Ad aggravare la situazione c’è la radioattività del DU. Non
si tratta di una radioattività particolarmente marcata, ma è ovvio che, laddove
di DU se n’è usato parecchio, la radioattività c’è eccome e questa condizione è
una concausa responsabile dell’innesco delle patologie, patologie che, non
saprei dire se è anche per questo, nei militari che abbiamo avuto occasione di
analizzare (e sono circa 200), osservandone al microscopio elettronico i
tessuti patologici e trovandoci le particelle incriminate, si manifestano con
una rapidità ragguardevole.
I civili controllabili sono relativamente pochi:
principalmente giornalisti e operatori di organizzazioni non governative. La
soverchiante maggioranza dei civili ammalati appartiene a zone in cui
l’assistenza sanitaria non è certo di prim’ordine né queste persone hanno
accesso al nostro laboratorio, purtroppo l’unico in cui si eseguono le indagini
nanopatologiche del caso. Ci arrivano, invece, i casi di militari e in qualche
occasione questi sono venuti anche dall’estero.

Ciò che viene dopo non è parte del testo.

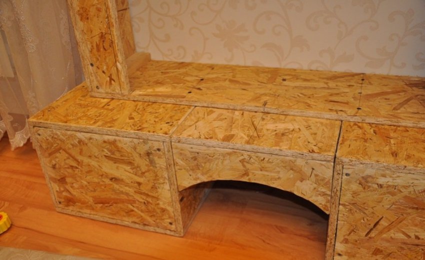 В роли постамента выступает столешница, уложенная на раму из металлического профиля высотой около 50 мм. Столешницу можно сделать из различных материалов:
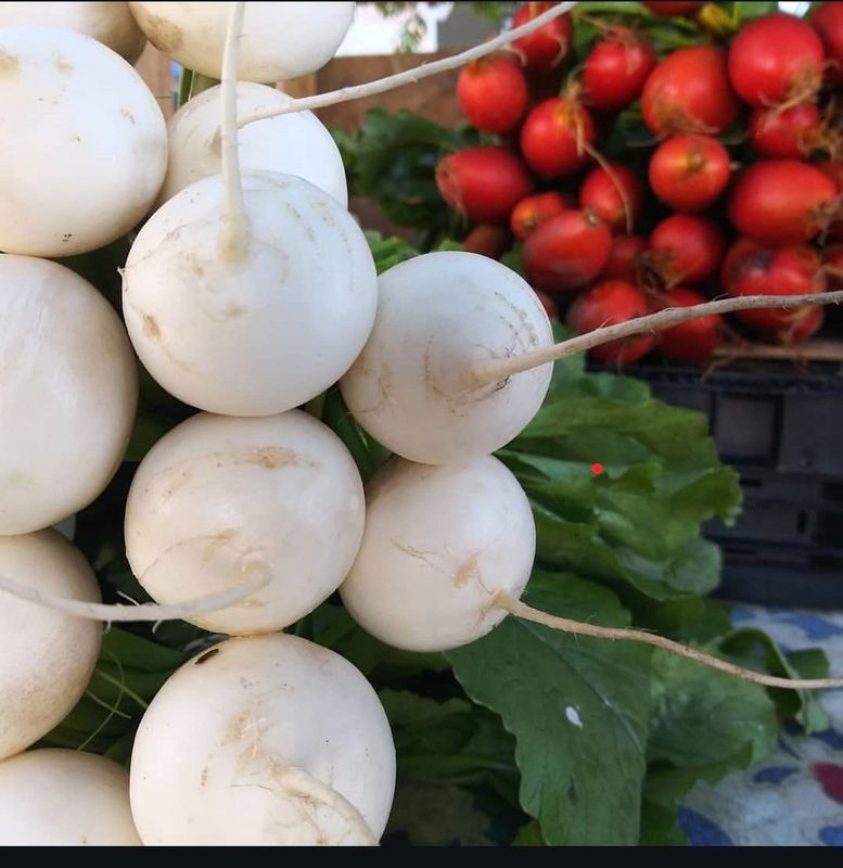 Around 2 lbs. of root vegetables โ Carrots, Radishes, Onions, Salad Turnips, Beets, and other seasonal favorites

Per ognuno di loro, oltre a dover affrontare la situazione
oggettivamente terribile di una malattia gravissima e del lavoro perso, ci sono
le condizioni umilianti di dover affrontare gravi difficoltà economiche e un
processo contro lo stato datore di lavoro per cercare di far valere i propri
diritti di lavoratore. Non dimentichiamo che, ufficialmente, i militari non
sono mai andati a fare la guerra ma sono andati in missione di pace. Dunque,
lavoratori.
Non è un mistero per nessuno che, dal punto di vista della
propria economia, l’Italia corre su un filo sospeso altissimo da terra e non
sorprenderà nessuno se lo stato cerca di sottrarsi ai propri obblighi legali e,
ancor prima, morali, lasciando i militari ammalati abbandonati e senza un
soldo. Per fare questo ogni appiglio pare possibile. Già qualche anno fa la
Difesa organizzò una riunione di “scienziati” (inevitabili le virgolette)

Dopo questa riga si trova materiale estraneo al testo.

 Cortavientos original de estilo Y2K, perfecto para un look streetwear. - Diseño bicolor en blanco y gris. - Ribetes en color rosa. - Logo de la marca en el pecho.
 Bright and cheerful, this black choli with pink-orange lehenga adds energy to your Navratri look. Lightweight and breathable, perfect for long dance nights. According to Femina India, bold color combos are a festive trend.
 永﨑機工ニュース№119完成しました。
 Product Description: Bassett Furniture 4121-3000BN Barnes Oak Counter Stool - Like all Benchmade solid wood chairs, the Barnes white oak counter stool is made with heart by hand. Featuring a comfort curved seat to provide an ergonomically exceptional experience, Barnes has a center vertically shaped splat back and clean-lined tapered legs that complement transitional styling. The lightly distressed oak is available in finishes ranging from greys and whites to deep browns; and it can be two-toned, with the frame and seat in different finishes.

presso la sede del CNR di Roma e costoro, nessuno dei quali aveva la benché
minima esperienza in proposito al di là di qualcuno che aveva eseguito
esperimenti del tutto privi di qualunque significato (e sono generoso),
conclusero che, in fondo, le particelle come quelle di cui ci stiamo occupando
sono innocue. Al dei là della scienza a livello mondiale, è l’Organizzazione
Mondiale della Sanità a smentire quei personaggi le cui esternazioni, per
quanto grottescamente infondate e basate su un ancora più grottesco “lei non sa
chi sono io”, sono sicuramente servite in qualche circostanza per sottrarsi al
risarcimento dovuto a qualcuno. Per fortuna esistono giudici che fanno
giustizia e per diversi soldati sono già cominciate ad uscire sentenze a
favore.
Naturalmente non è questo ciò di cui mi devo occupare io, per
mestiere relegato nella freddezza di un laboratorio scientifico, ma di tanto in
tanto quei ragazzi li incontro non solo nelle loro biopsie ma per davvero in
carne ed ossa. Non sono tanto le loro sofferenze a lasciarmi senza parole: sono
la loro delusione e la loro dignità.
Dott.
Stefano Montanari- 16 febbraio 2015, ore 09,00
1 commento:
...avevo già letto questa questione ma l'articolo era delle moglie. Poco importa di fatto è una vera tragedia.